**EXERCISE AIM:**
Your answer should be the records, copied exactly, with the pictures removed.

**SUPPLIED ENTRIES:**
==============================

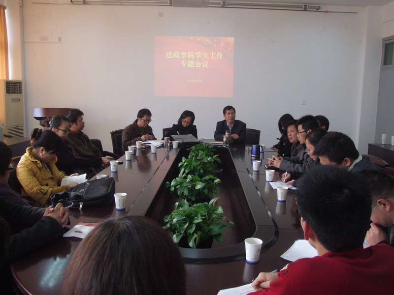 12月14日下午,法政学院召开学生工作专题会议。党总支书记蔡克骄主持会议,副书记严玲红、各班班主任、学生科全体成员参加会议。
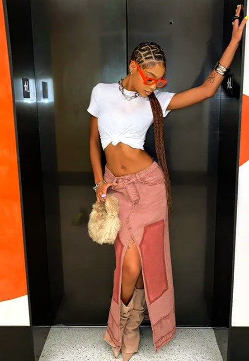 Kiki's Ankle length Patchwork Skirt is made with durable patchwork denim for lasting comfort. Its ankle length and long split offer an elegant, stylish look. Perfect for casual wear or nights out.
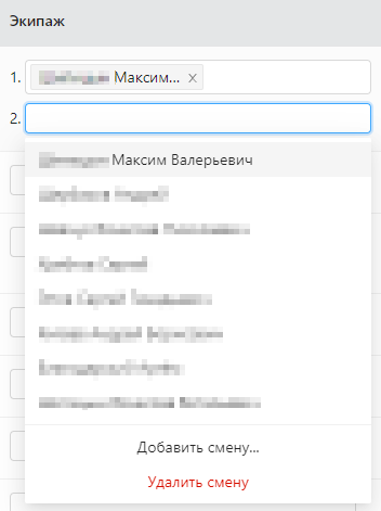 Когда смен более одной в списке выбора водителей экипажа появляется пункт "Удалить смену".
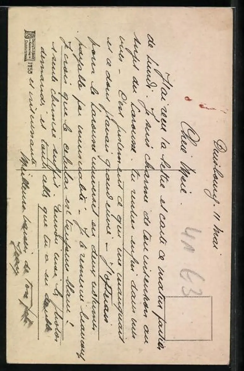 Personenbezogene Daten auf der Rückseite der Karte wurden durch blauen Textmarker unkenntlich gemacht. Die blauen Stellen sind auf die Vorderseite durchgeweicht und wirken sich negativ auf das Postkartenfoto aus
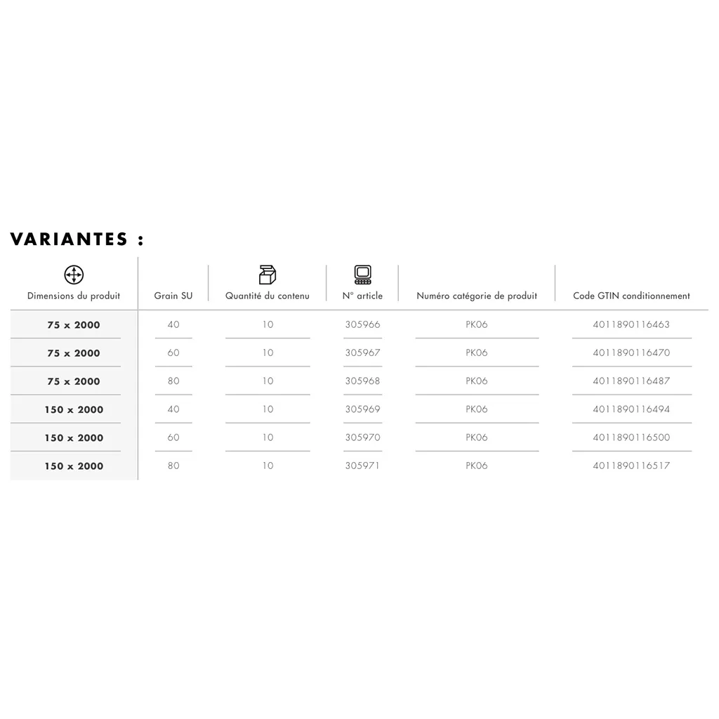 Un support X en polyester, lourd et étanche, est utilisé ici comme support. La bande est dotée d’un grain céramique auto-affûtant particulièrement agressif. Le grain est particulièrement dense. Le liant en résine artificielle enrichie d’additifs actifs (Top-size) est la garantie d’un meulage sans échauffement.
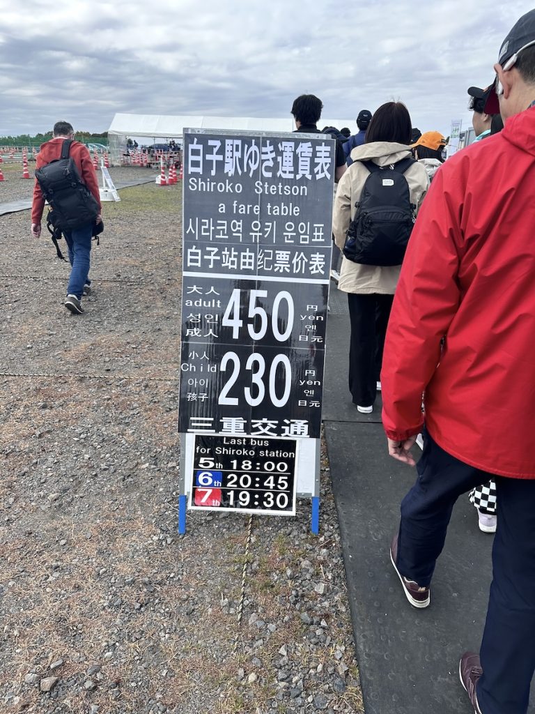 Also, the connecting bus service I was referring to is from Shiroko to the circuit. If you are staying in Shiroko you still need to pay for this (In 2018 it was 400 yen each way and the same rule applies, buy a return ticket so as to miss the queue at the end of the day. Return = 800 yen).
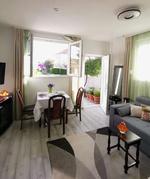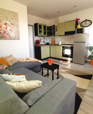Ferienwohnung bietet Platz für 3 Gäste. Die Betten sind in Schlafzimmern, die es 1 gibt, und in Wohnzimmer, innerhalb einer Gesamtfläche von 30m2, angeordnet. Die Gäste haben eine eigene Terrasse zur Verfügung, auf der sie in warmen Sommernächten genießen können. Das Apartment bietet Meerblick. Für vollen Genuss und Entspannung gibt es einen privaten Grill für Gäste dieser Unterkunft. Unterkunftseinheit hat Räume, die von dem Rest der Einheit abgetrennt werden.
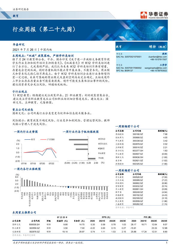 【华泰证券】【20210726】20210726-华泰证券-教育行业周报(第二十九周)-14页
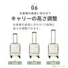 TIERRAL TORERU(トレル)は、ボディの前面が開くフロントオープンポケット搭載した、ハードタイプの高機能キャリーケースです。 スーツケースで1番壊れやすい箇所は、キャスターですが、名前の通りキャスターが取り外せるので、壊れてもリペアホイール(別売り)を使用して簡単に交換できます。外出から戻ってもキャスターを外せるので、お手入れ簡単で清潔にすっきり収納できます。本体には最新素材の「PET樹脂」を使用。 弾性に秀でたPET樹脂は耐衝撃性に強く、加えて高級感のある発色が特徴の素材です。4輪静音ダブルキャスターで路面を選ばずにスムーズな走行が可能です。荷物が重い時や混みあう場所は4輪で、デコボコした道では本体を傾けて2輪で状況に応じた走行が可能です。キャリバーの高さは3段階に調整が可能で、自身の身長に合わせて調整して頂けます。Sサイズは1~3泊程度の旅行に適したサイズで、機内持ち込み対応です(泊数は目安としてご利用下さい)。
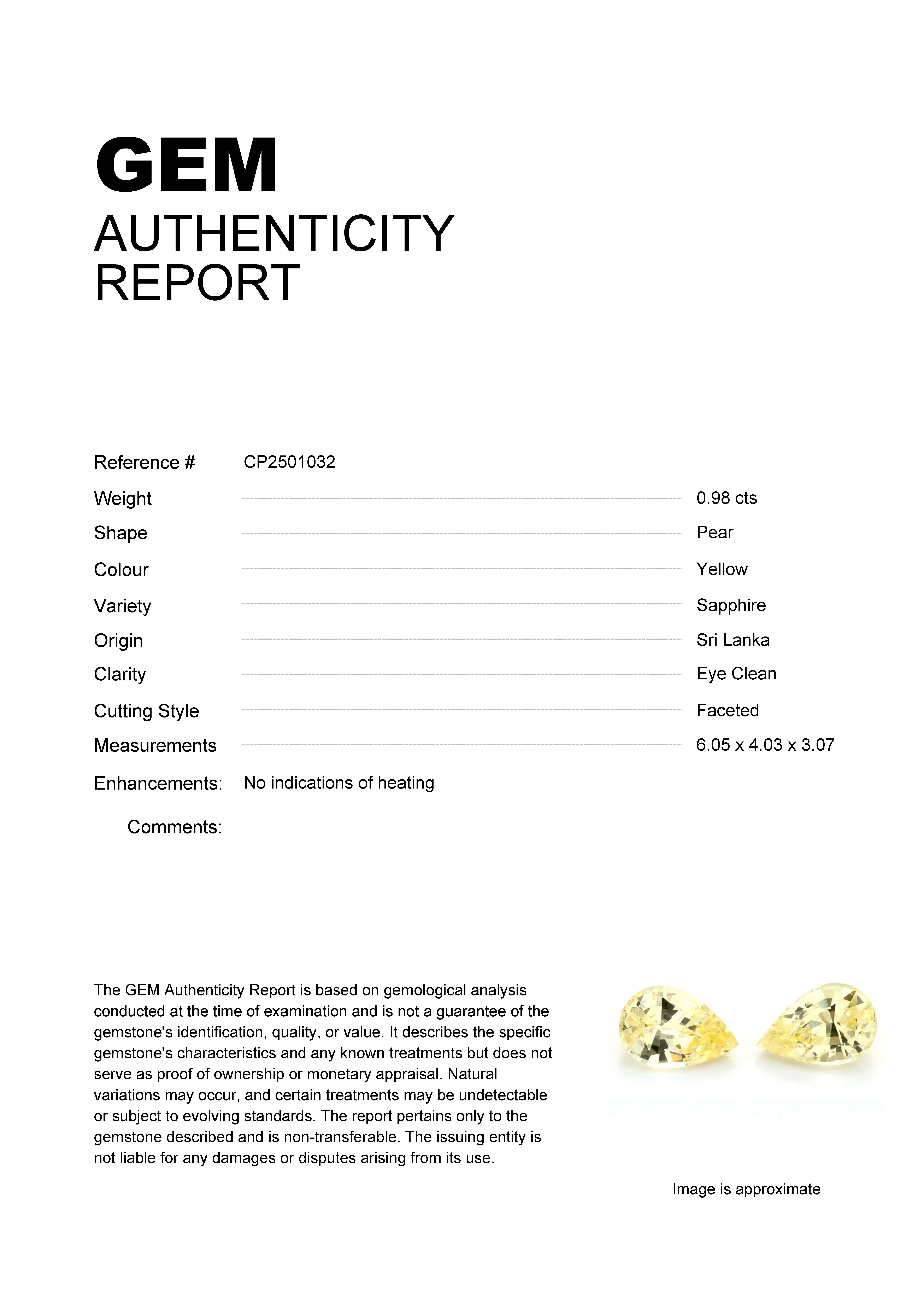 0.98ct Yellow Pear Sri Lanka SapphireCarat: 0.98 ctType: SapphireCut: PearColour: YellowOrigin: Sri LankaComment: Not Heated6.05 x 4.03 x 3.07 mm
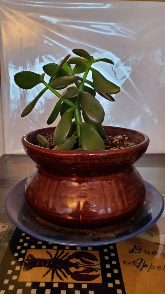 Small jade plant in a brown ceramic pot. The plant is healthy and has several stems and leaves.
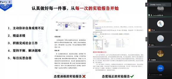 严盛恢同学分享了自己平时学习经验和科研竞赛经历。他告诉同学们平时上课认真听讲,摆正心态对待课程比课后自学更有效,强调在上课中坐前排,多思考、多提问,积极与老师互动。
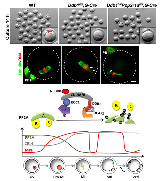 继2013年范衡宇课题组在Science杂志发表研究论文、首次阐明了CRL4在防止卵巢早衰和延缓更年期中的作用以后,在本研究中进一步利用基因敲除小鼠为模型,研究了该蛋白复合体在卵母细胞成熟中的作用,实时观察了CRL4敲除以后卵母细胞减数分裂的进程,发现CRL4对于卵母细胞减数分裂细胞周期的顺利进行和同源染色体的正确分离至关重要。CRL4通过其底物识别蛋白DCAF1结合卵母细胞中的重要蛋白磷酸酶PP2A,使其泛素化并被降解,推动减数分裂的细胞周期进程,促进同源染色体分离和卵子的极体排放。
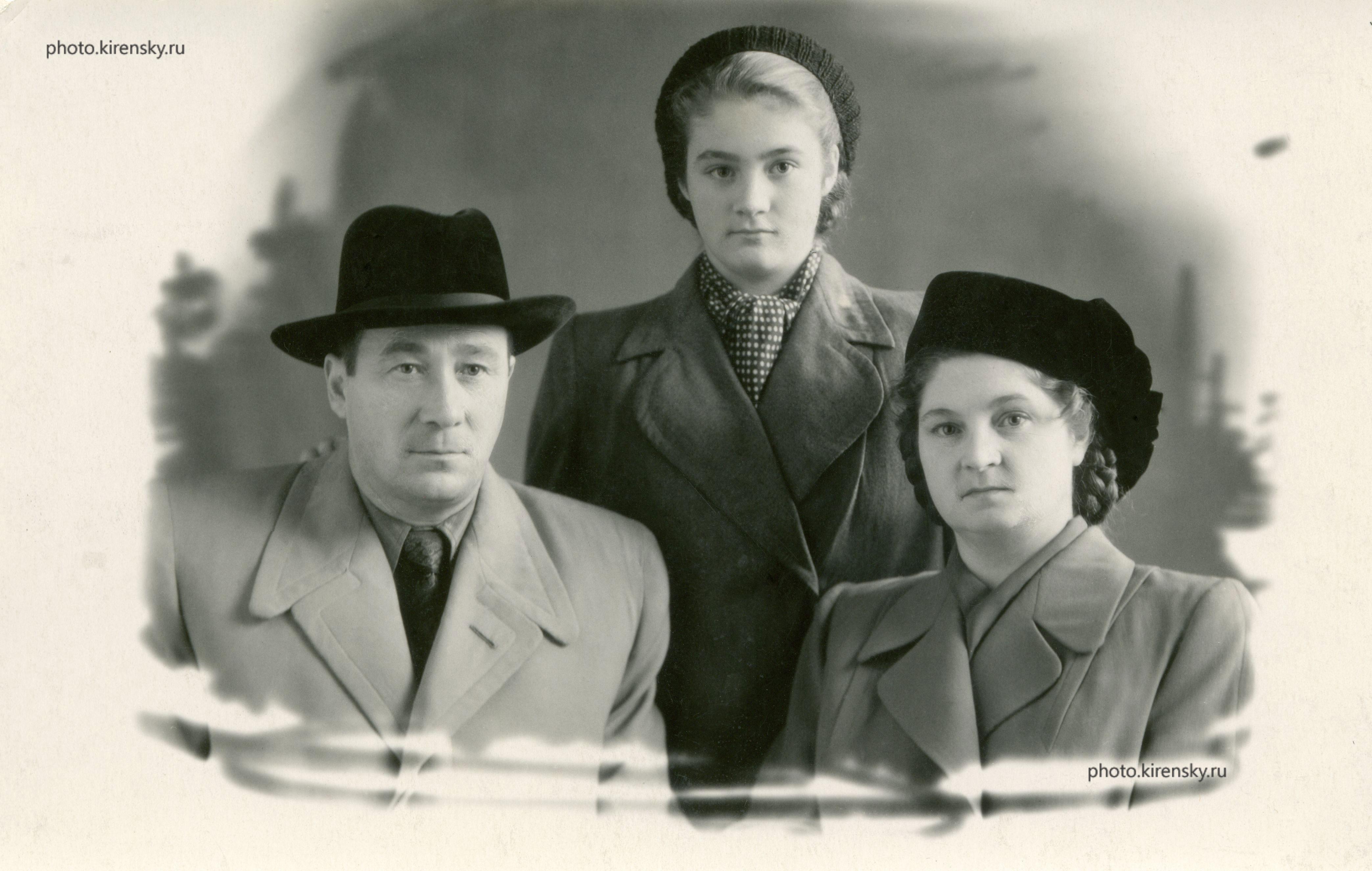 Академик Л.В. Киренский, организатор и первый директор Института физики Сибирского отделения Академии наук СССР (ИФ СО АН СССР), с супругой Зоей Яковлевной и дочерью Татьяной. Снимок 1953 года. Красноярск.
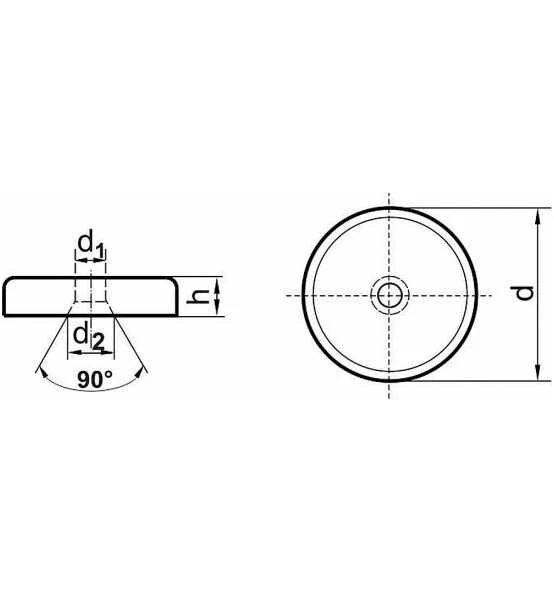 Neodym-Magnet-Flachgreifer mit Durchgangsbohrung und Ansenkung
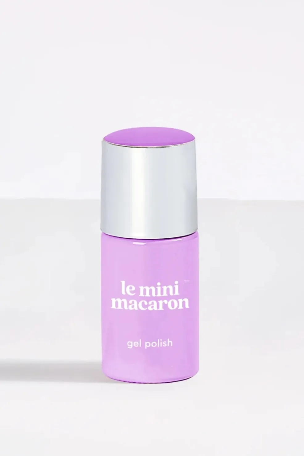 Gelneglelak i lavendelnuance fra Le Mini Macaron. Den lyse lilla farve passer til både hverdag og fest og giver et rent udtryk på neglene.

==============================

**ANSWER SECTION:**
 12月14日下午,法政学院召开学生工作专题会议。党总支书记蔡克骄主持会议,副书记严玲红、各班班主任、学生科全体成员参加会议。
 Kiki's Ankle length Patchwork Skirt is made with durable patchwork denim for lasting comfort. Its ankle length and long split offer an elegant, stylish look. Perfect for casual wear or nights out.
 Когда смен более одной в списке выбора водителей экипажа появляется пункт "Удалить смену".
 Personenbezogene Daten auf der Rückseite der Karte wurden durch blauen Textmarker unkenntlich gemacht. Die blauen Stellen sind auf die Vorderseite durchgeweicht und wirken sich negativ auf das Postkartenfoto aus
 Un support X en polyester, lourd et étanche, est utilisé ici comme support. La bande est dotée d’un grain céramique auto-affûtant particulièrement agressif. Le grain est particulièrement dense. Le liant en résine artificielle enrichie d’additifs actifs (Top-size) est la garantie d’un meulage sans échauffement.
 Also, the connecting bus service I was referring to is from Shiroko to the circuit. If you are staying in Shiroko you still need to pay for this (In 2018 it was 400 yen each way and the same rule applies, buy a return ticket so as to miss the queue at the end of the day. Return = 800 yen).
Ferienwohnung bietet Platz für 3 Gäste. Die Betten sind in Schlafzimmern, die es 1 gibt, und in Wohnzimmer, innerhalb einer Gesamtfläche von 30m2, angeordnet. Die Gäste haben eine eigene Terrasse zur Verfügung, auf der sie in warmen Sommernächten genießen können. Das Apartment bietet Meerblick. Für vollen Genuss und Entspannung gibt es einen privaten Grill für Gäste dieser Unterkunft. Unterkunftseinheit hat Räume, die von dem Rest der Einheit abgetrennt werden.
 【华泰证券】【20210726】20210726-华泰证券-教育行业周报(第二十九周)-14页
 TIERRAL TORERU(トレル)は、ボディの前面が開くフロントオープンポケット搭載した、ハードタイプの高機能キャリーケースです。 スーツケースで1番壊れやすい箇所は、キャスターですが、名前の通りキャスターが取り外せるので、壊れてもリペアホイール(別売り)を使用して簡単に交換できます。外出から戻ってもキャスターを外せるので、お手入れ簡単で清潔にすっきり収納できます。本体には最新素材の「PET樹脂」を使用。 弾性に秀でたPET樹脂は耐衝撃性に強く、加えて高級感のある発色が特徴の素材です。4輪静音ダブルキャスターで路面を選ばずにスムーズな走行が可能です。荷物が重い時や混みあう場所は4輪で、デコボコした道では本体を傾けて2輪で状況に応じた走行が可能です。キャリバーの高さは3段階に調整が可能で、自身の身長に合わせて調整して頂けます。Sサイズは1~3泊程度の旅行に適したサイズで、機内持ち込み対応です(泊数は目安としてご利用下さい)。
 0.98ct Yellow Pear Sri Lanka SapphireCarat: 0.98 ctType: SapphireCut: PearColour: YellowOrigin: Sri LankaComment: Not Heated6.05 x 4.03 x 3.07 mm
 Small jade plant in a brown ceramic pot. The plant is healthy and has several stems and leaves.
 严盛恢同学分享了自己平时学习经验和科研竞赛经历。他告诉同学们平时上课认真听讲,摆正心态对待课程比课后自学更有效,强调在上课中坐前排,多思考、多提问,积极与老师互动。
 继2013年范衡宇课题组在Science杂志发表研究论文、首次阐明了CRL4在防止卵巢早衰和延缓更年期中的作用以后,在本研究中进一步利用基因敲除小鼠为模型,研究了该蛋白复合体在卵母细胞成熟中的作用,实时观察了CRL4敲除以后卵母细胞减数分裂的进程,发现CRL4对于卵母细胞减数分裂细胞周期的顺利进行和同源染色体的正确分离至关重要。CRL4通过其底物识别蛋白DCAF1结合卵母细胞中的重要蛋白磷酸酶PP2A,使其泛素化并被降解,推动减数分裂的细胞周期进程,促进同源染色体分离和卵子的极体排放。
 Академик Л.В. Киренский, организатор и первый директор Института физики Сибирского отделения Академии наук СССР (ИФ СО АН СССР), с супругой Зоей Яковлевной и дочерью Татьяной. Снимок 1953 года. Красноярск.
 Neodym-Magnet-Flachgreifer mit Durchgangsbohrung und Ansenkung
 Gelneglelak i lavendelnuance fra Le Mini Macaron. Den lyse lilla farve passer til både hverdag og fest og giver et rent udtryk på neglene.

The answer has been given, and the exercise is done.